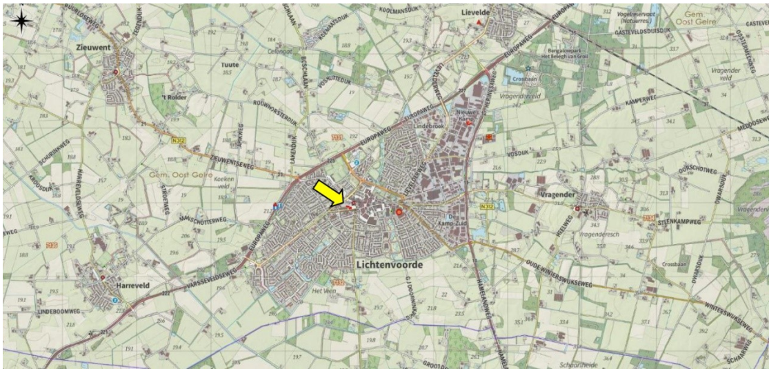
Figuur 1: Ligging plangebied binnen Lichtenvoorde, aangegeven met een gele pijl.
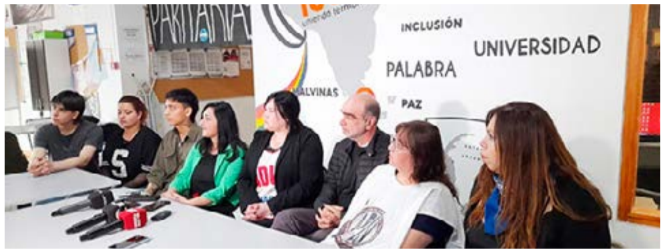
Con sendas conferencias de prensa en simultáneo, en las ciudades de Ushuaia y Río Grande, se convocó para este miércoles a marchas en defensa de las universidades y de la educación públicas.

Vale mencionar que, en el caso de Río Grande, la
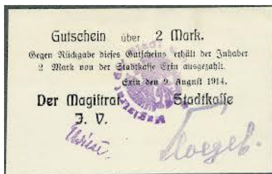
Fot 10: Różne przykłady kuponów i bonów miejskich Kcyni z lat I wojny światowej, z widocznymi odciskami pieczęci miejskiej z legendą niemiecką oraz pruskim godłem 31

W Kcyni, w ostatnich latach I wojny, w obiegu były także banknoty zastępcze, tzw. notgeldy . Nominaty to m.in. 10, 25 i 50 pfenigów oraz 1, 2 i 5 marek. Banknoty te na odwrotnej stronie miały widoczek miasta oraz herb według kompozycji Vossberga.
-.-.-
* [WHAT IS REQUIRED]
The word to find is "oraz". Copy every line of the records that holds it.

* [ANSWER TO THIS TASK]
Fot 10: Różne przykłady kuponów i bonów miejskich Kcyni z lat I wojny światowej, z widocznymi odciskami pieczęci miejskiej z legendą niemiecką oraz pruskim godłem 31
W Kcyni, w ostatnich latach I wojny, w obiegu były także banknoty zastępcze, tzw. notgeldy . Nominaty to m.in. 10, 25 i 50 pfenigów oraz 1, 2 i 5 marek. Banknoty te na odwrotnej stronie miały widoczek miasta oraz herb według kompozycji Vossberga.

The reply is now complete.